From: Dave Chinner <dchinner@redhat.com>

Currently we track space used in the log by grant heads.
These store the reserved space as a physical log location and
combine both space reserved for future use with space already used in
the log in a single variable. The amount of space consumed in the
log is then calculated as the  distance between the log tail and
the grant head.

The problem with tracking the grant head as a physical location
comes from the fact that it tracks both log cycle count and offset
into the log in bytes in a single 64 bit variable. because the cycle
count on disk is a 32 bit number, this also limits the offset into
the log to 32 bits. ANd because that is in bytes, we are limited to
being able to track only 2GB of log space in the grant head.
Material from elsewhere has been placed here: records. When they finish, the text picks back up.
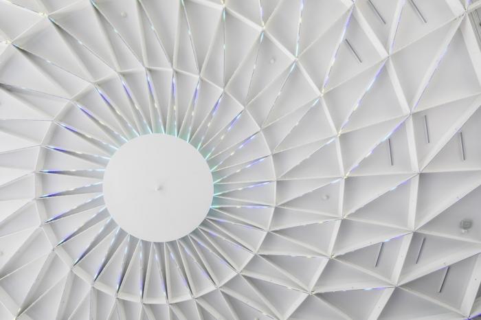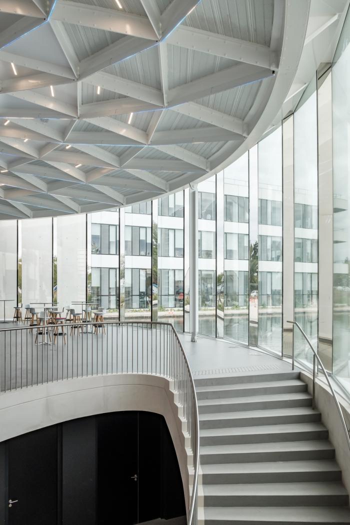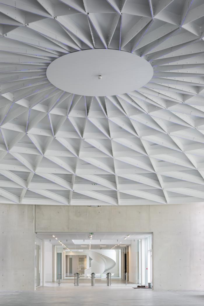接待亭将游客引向“圆形大厅”。圆形大厅是外部环境和研究中心之间的过渡空间,由一个巨大的钢“网壳”穹顶遮挡。空间向西延伸到一个倒影池,然后向工业区的其他部分延伸。从圆形大厅可以进入礼堂。
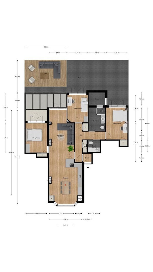 - De galerijflat heeft een woonoppervlakte van 117 m² en beschikt over 4 kamers, waarvan 3 slaapkamers;
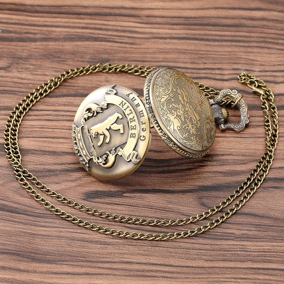 Часы карманные кварцевые с резным медведем, круглым циферблатом и цепочкой

Hence to support larger physical logs, we need to track used space
differently in the grant head. We no longer use the grant head for
guiding AIL pushing, so the only thing it is now used for is
determining if we've run out of reservation space via the
calculation in xlog_space_left().

What we really need to do is move the grant heads away from tracking
physical space in the log. The issue here is that space consumed in
the log is not directly tracked by the current mechanism - the
space consumed in the log by grant head reservations gets returned
to the free pool by the tail of the log moving forward. i.e. the
space isn't directly tracked or calculated, but the used grant space
gets "freed" as the physical limits of the log are updated without
actually needing to update the grant heads.
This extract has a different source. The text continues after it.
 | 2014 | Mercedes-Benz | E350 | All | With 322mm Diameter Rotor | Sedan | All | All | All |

Hence to move away from implicit, zero-update log space tracking we
need to explicitly track the amount of physical space the log
actually consumes separately to the in-memory reservations for
operations that will be committed to the journal. Luckily, we
already track the information we need to calculate this in the AIL
itself.

That is, the space currently consumed by the journal is the maximum
LSN that the AIL has seen minus the current log tail. As we update
both of these items dynamically as the head and tail of the log
moves, we always know exactly how much space the journal consumes.
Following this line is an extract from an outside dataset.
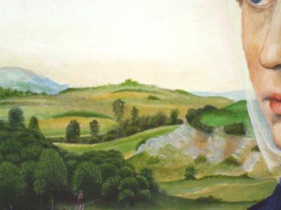 I wanted to set myself a little challenge and make a facsimile copy of the Mona Lisa, just to see what was possible. Early on I decided to work from a 17th century copy rather than primarily from the familiar original. The original painting appears to have been damaged in some areas by some over vigorous cleaning in the past and detail and colour has been lost, especially from the background. When I looked at photographs of this copy, I could see the intact columns which framed the window in front of which the figure was sitting. These seem to have been cut off the original, leaving only shadows of the pillar bases. Also the figure is seated in a chair, something not now immediately obvious in the original painting, but if one looks deeply into it one can see the arm of this chair, though it is almost lost in the dark background. I decided that, rather than make an exact copy of the familiar Mona Lisa, I would attempt to do a little restoration or reconstruction to bring out some of the lost features. I have thus lightened her garment to bring out the folds and also lightened her translucent veil. This is a puzzling feature in the original painting, as it appears on the side of her face almost like the shadow of painted out hair, however, on deeper examination one can see that it continues around behind her head and emerges on the other side of her face. It is quite lost within the darkening of the paint and the varnish. I decided to lighten this and make it visible again. One can thus see that her hair is not let down in the modern style but is contained within this veil, as would be more seemly for 15th century aristocratic women. As I show in the photo above, I am about half way through completing the work. I have to apply a few more layers to the face in order to smooth the forms more and seemlessly blend the tones. Having now heightened the details in her garment and the wooden panelling under the window, I must now apply layers of earth tones over this to darken it down a bit and make the shadowed areas more realistic. In the original the paint has badly cracked (particularly where white pigment was used) into those fine filaments known as craquelure. In my painting the image is of course totally smooth.

This means that we also know exactly how much space the currently
active reservations require, and exactly how much free space we have
remaining for new reservations to be made. Most importantly, we know
what these spaces are indepedently of the physical locations of
the head and tail of the log.

Hence by separating out the physical space consumed by the journal,
we can now track reservations in the grant heads purely as a byte
count, and the log can be considered full when the tail space +
reservation space exceeds the size of the log. This means we can use
the full 64 bits of grant head space for reservation space,
completely removing the 32 bit byte count limitation on log size
that they impose.

Hence the first step in this conversion is to track and update the
"log tail space" every time the AIL tail or maximum seen LSN
changes.

Signed-off-by: Dave Chinner <dchinner@redhat.com>
Reviewed-by: Darrick J. Wong <djwong@kernel.org>
Reviewed-by: Christoph Hellwig <hch@lst.de>
---
 fs/xfs/xfs_log_cil.c   | 9 ++++++---
 fs/xfs/xfs_log_priv.h  | 1 +
 fs/xfs/xfs_trans_ail.c | 9 ++++++---
 3 files changed, 13 insertions(+), 6 deletions(-)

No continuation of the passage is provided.